Fri Apr 18 12:34:15 SAST 2014
Fri Apr 18 12:34:15 SAST 2014

Don't just talk against violence, says Motlanthe

Dec 11, 2012 | Boitumelo Tshehle North West Correspondent |   52 comments

"Let us do something positive in our communities to build a society that protects and respects the rights of women and children"

TOP LEVEL: North West premier Thandi Modise and Deputy President Kgalema Motlanthe at the 16 Days of Activism for No Violence Against Women and Children ceremony yesterday. PHOTO: BOITUMELO TSHEHLE

DEPUTY President Kgalema Motlanthe says the high rate of violence in South Africa is a clear indication that more still needs to be done.

Motlanthe was speaking in Rustenburg yesterday at the closing ceremony of the 16 Days of Activism for No Violence Against Women and Children and the launch of the national council against gender-based violence.

He said while incidents of battery, domestic violence and child abuse often went undetected or under-reported, statistics over the years had shown that 90% of women had experienced emotional and physical abuse.
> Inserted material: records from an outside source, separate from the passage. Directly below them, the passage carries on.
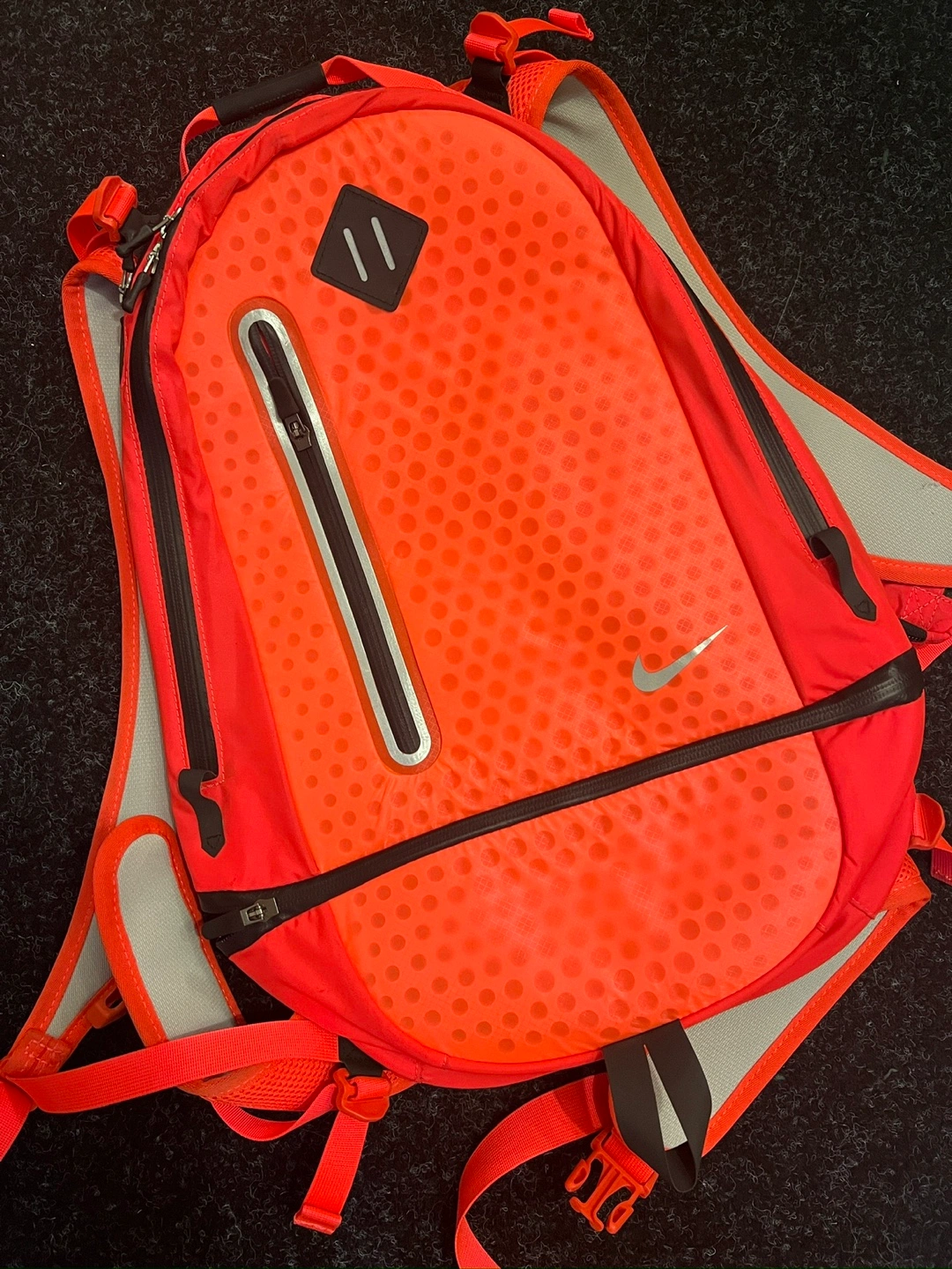 Orange running backpack. Features multiple pockets and adjustable straps. Great for runners. Used once or twice - that’s it !!!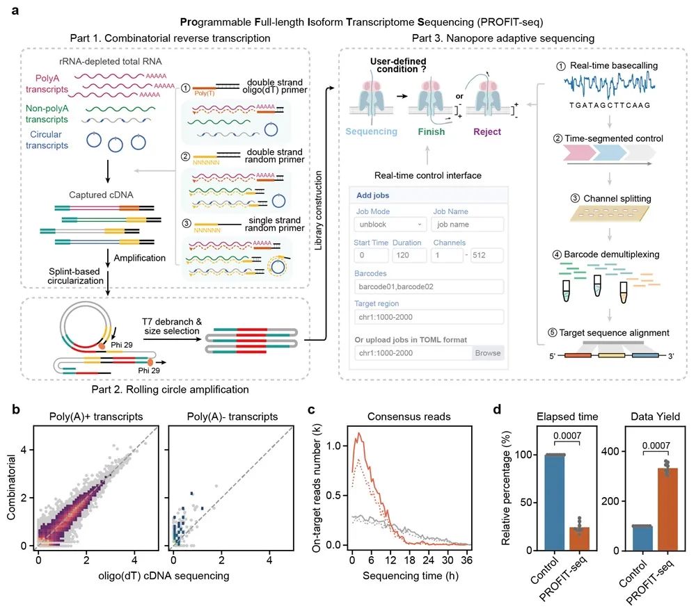 PROFIT-seq通过创新的复合逆转录策略和滚环扩增技术,不仅能够捕获多种类型的转录本(包括多聚腺苷酸化、非多聚腺苷酸化和环状RNA等),还可以在测序过程中实时控制,根据需要选择性地富集目标转录本。此外,该团队设计了基于最大期望算法的全转录组智能定量模型,结合目标转录本的全长序列和其他非目标分子的短时测序标签,实现了精准的全转录组定量分析。与传统方法相比,PROFIT-seq大幅提高了样本中目标转录本的检测效率和测序通量。
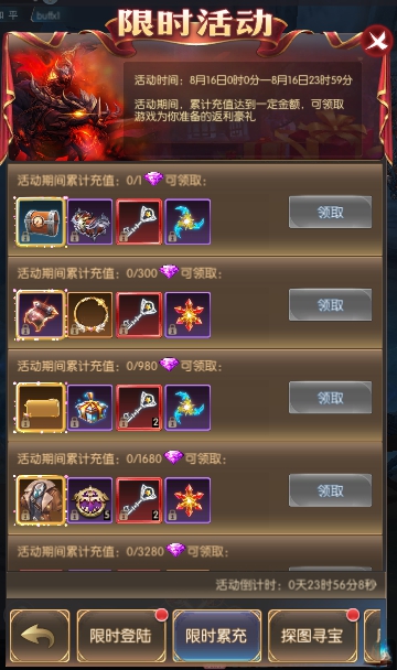 活动简介:活动期间,累计充值达到一定金额,可领取游戏为你准备的返利豪礼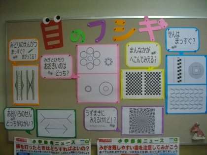 保健室で3年生の体重測定を実施しました。測定の前に,養護教諭の高橋先生から,目の健康についてのお話とクイズがありました。保健室前には,目の健康に関する掲示物があり,子どもたちが立ち止まってみています。

More than 71% of women had experienced sexual abuse and 58% experienced economic abuse. Of these cases, 60% were committed by partners, lovers or spouses.
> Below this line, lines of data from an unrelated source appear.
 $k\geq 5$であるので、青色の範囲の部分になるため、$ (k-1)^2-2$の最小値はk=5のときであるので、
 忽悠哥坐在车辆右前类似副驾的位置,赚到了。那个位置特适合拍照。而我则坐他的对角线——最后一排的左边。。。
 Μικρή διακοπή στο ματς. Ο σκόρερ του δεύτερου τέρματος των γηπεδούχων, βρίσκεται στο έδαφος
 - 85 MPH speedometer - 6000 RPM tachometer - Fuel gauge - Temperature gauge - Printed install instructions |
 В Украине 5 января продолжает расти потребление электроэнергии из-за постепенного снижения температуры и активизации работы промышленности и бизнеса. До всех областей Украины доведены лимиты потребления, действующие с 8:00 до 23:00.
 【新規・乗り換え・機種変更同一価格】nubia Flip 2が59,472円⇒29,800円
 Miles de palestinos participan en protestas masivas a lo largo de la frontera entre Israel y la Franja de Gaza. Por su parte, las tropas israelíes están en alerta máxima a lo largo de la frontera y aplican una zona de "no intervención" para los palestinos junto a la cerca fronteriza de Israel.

Women, 63% of them, viewed emotional abuse as more prevalent and as the most serious.

Motlanthe said young women were more vulnerable to assault and sexual coercion by partners and others and that as many as five out of seven children were abused.

He also acknowledged the presence of the 19 bikers who had just completed an 8000km tour to nine Southern African countries to raise awareness about violence against women and children.

"Indeed you did not turn a blind eye, but took action to demonstrate solidarity, not only in our country but at a regional and global level.

"I hope men across all sectors of society, such as business, the faith-based community, traditional leaders, the entertainment sector, labour and other sectors, will take it upon themselves not to turn a blind eye, not to just talk against violence but to do something positive in their communities to contribute to the collective effort to build a society that protects and respects the rights of women and children."

Motlanthe also said the country was making progress in influencing men to stop treating women and children as objects of abuse and violence.

"Our experience and understanding of the importance of human rights should enable us to build a strong institutional and constitutional framework to protect such rights."